*Supplied records*.
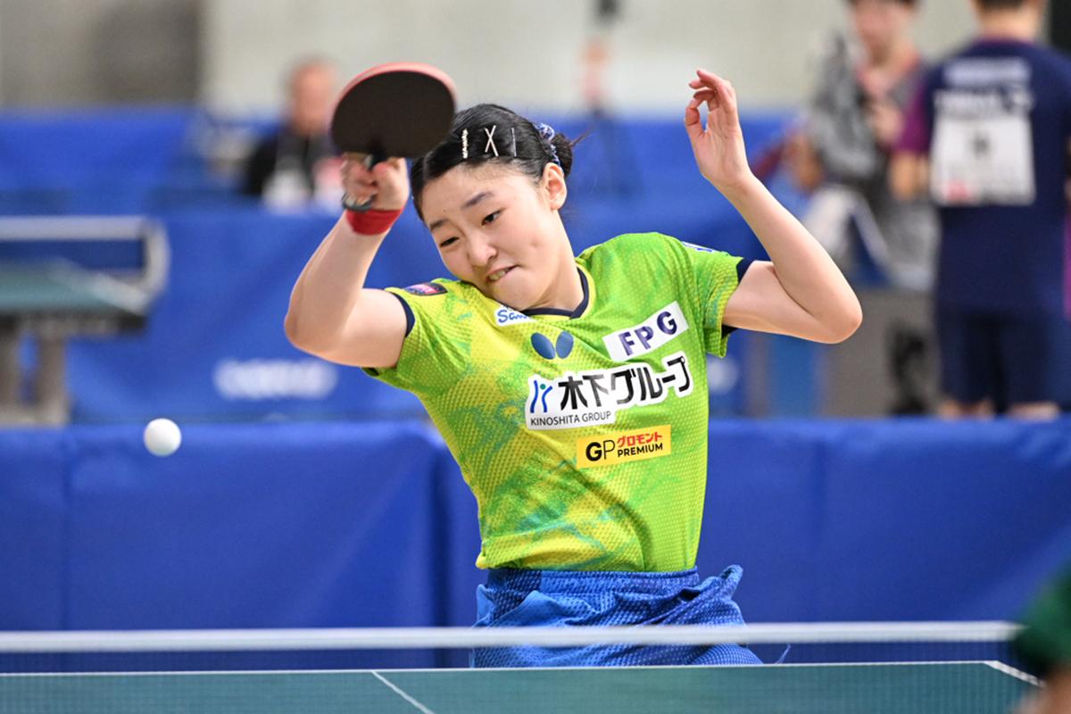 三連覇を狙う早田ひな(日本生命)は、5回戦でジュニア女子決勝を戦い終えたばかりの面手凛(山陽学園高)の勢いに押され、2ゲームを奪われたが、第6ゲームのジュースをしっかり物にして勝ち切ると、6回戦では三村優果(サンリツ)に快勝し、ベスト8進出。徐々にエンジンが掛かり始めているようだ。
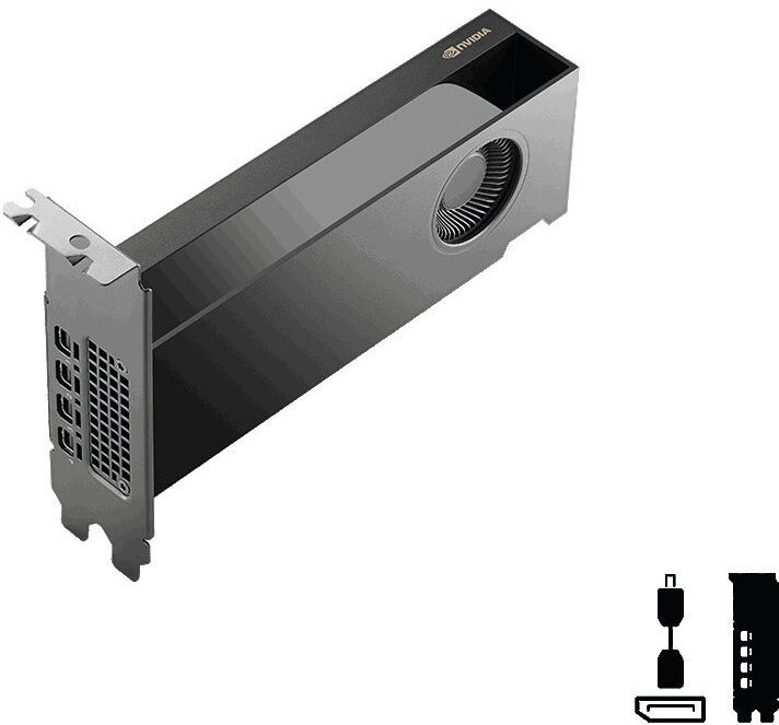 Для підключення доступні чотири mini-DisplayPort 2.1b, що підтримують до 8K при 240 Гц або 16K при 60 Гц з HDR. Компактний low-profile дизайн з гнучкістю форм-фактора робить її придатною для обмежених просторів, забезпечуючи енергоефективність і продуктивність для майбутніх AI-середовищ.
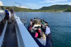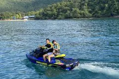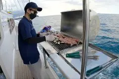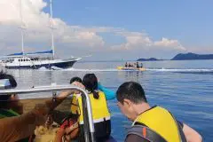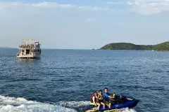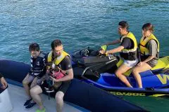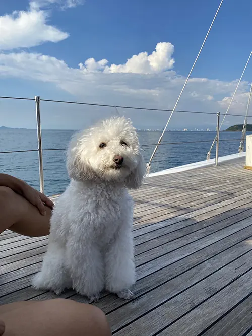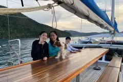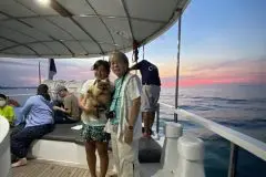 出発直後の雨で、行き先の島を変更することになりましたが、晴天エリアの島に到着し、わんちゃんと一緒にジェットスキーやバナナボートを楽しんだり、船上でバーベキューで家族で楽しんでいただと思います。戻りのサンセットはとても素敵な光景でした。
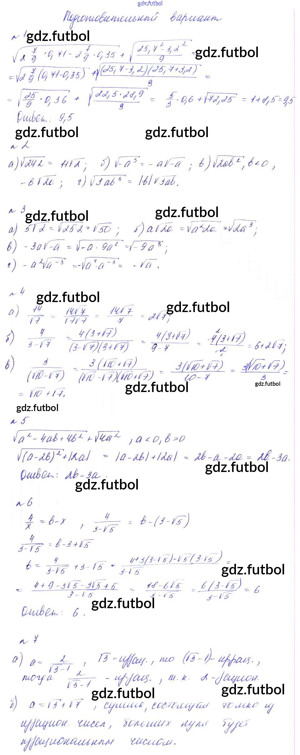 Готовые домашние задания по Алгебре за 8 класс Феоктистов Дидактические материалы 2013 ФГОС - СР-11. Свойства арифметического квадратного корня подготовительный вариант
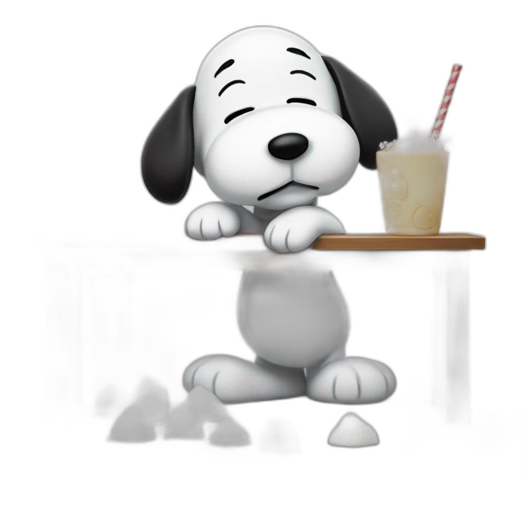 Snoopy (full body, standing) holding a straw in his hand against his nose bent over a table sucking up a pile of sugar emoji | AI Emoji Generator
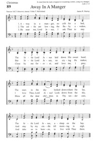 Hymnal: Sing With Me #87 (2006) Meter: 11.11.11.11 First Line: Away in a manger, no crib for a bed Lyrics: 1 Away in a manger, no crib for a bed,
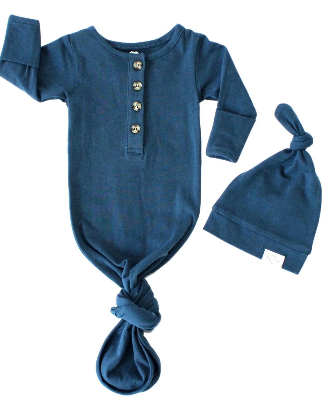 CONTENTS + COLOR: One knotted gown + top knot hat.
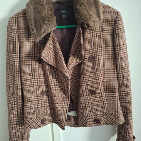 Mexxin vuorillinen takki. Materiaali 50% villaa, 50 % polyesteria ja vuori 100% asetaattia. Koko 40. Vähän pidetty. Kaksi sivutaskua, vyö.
...
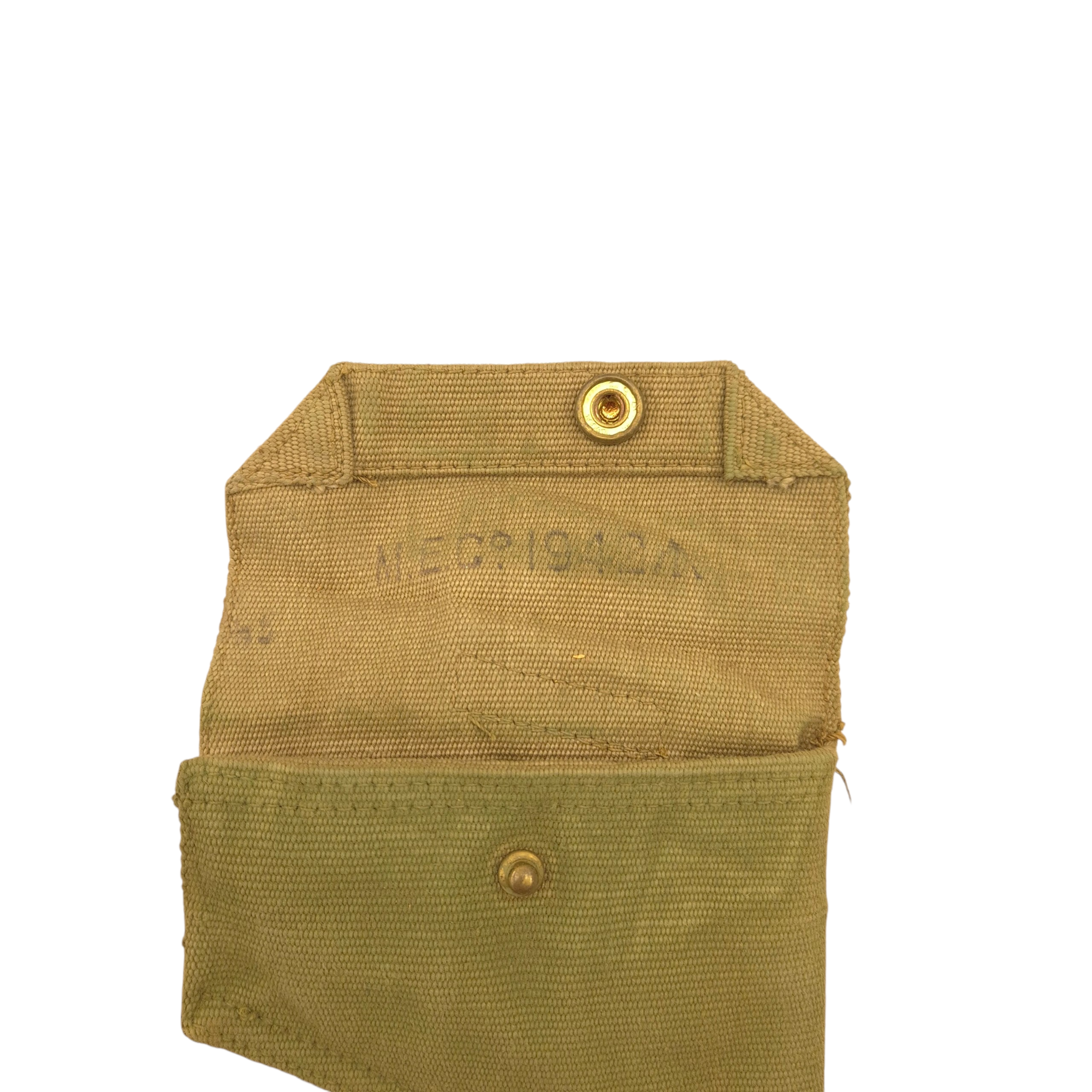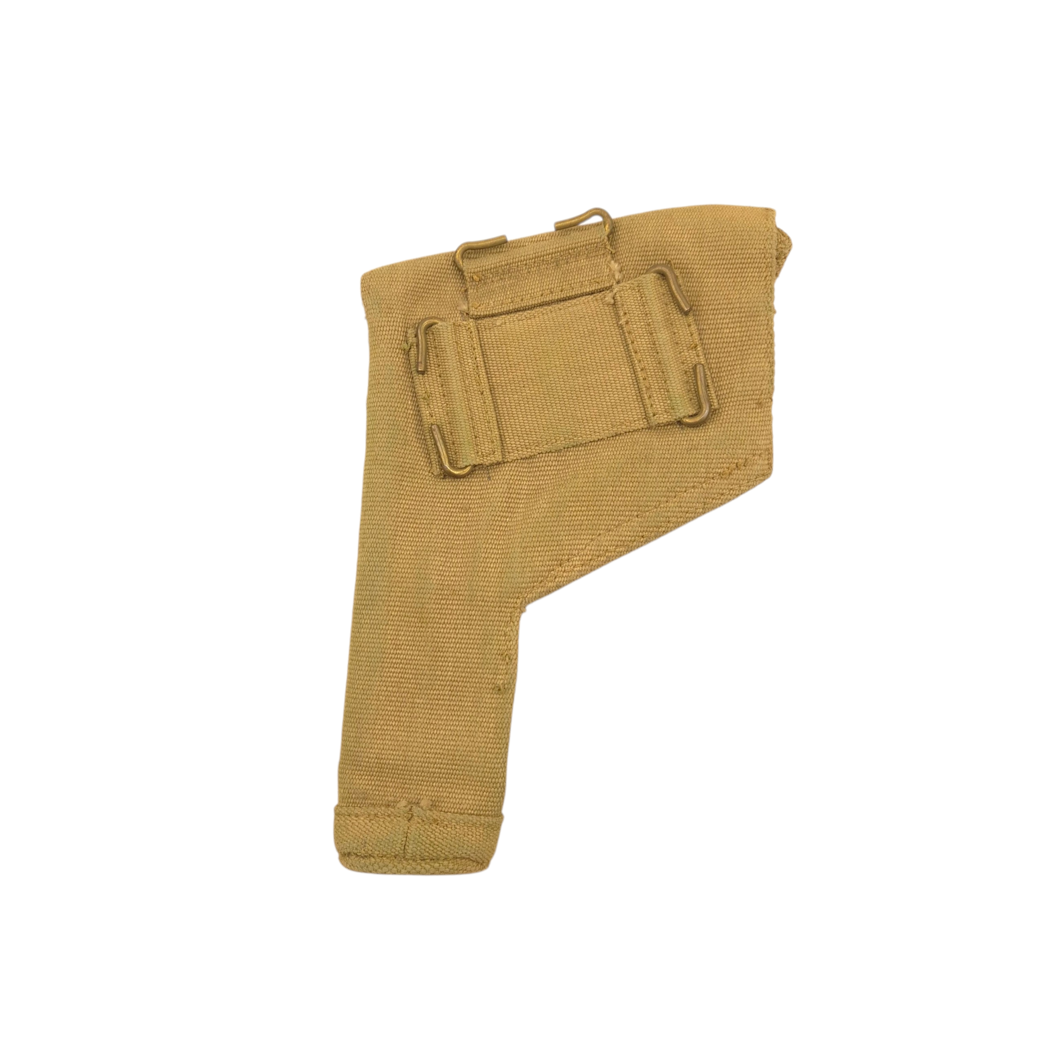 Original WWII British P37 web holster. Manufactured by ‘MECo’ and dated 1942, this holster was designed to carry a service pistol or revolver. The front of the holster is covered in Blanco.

*The problem*.
Using the data above, set down each line from the line with "Готовые домашние задания" to the line with "Mexxin vuorillinen takki." exactly, both ends included, and leave the pictures behind. Nothing else belongs.

*Exercise response*.
 Готовые домашние задания по Алгебре за 8 класс Феоктистов Дидактические материалы 2013 ФГОС - СР-11. Свойства арифметического квадратного корня подготовительный вариант
 Snoopy (full body, standing) holding a straw in his hand against his nose bent over a table sucking up a pile of sugar emoji | AI Emoji Generator
 Hymnal: Sing With Me #87 (2006) Meter: 11.11.11.11 First Line: Away in a manger, no crib for a bed Lyrics: 1 Away in a manger, no crib for a bed,
 CONTENTS + COLOR: One knotted gown + top knot hat.
 Mexxin vuorillinen takki. Materiaali 50% villaa, 50 % polyesteria ja vuori 100% asetaattia. Koko 40. Vähän pidetty. Kaksi sivutaskua, vyö.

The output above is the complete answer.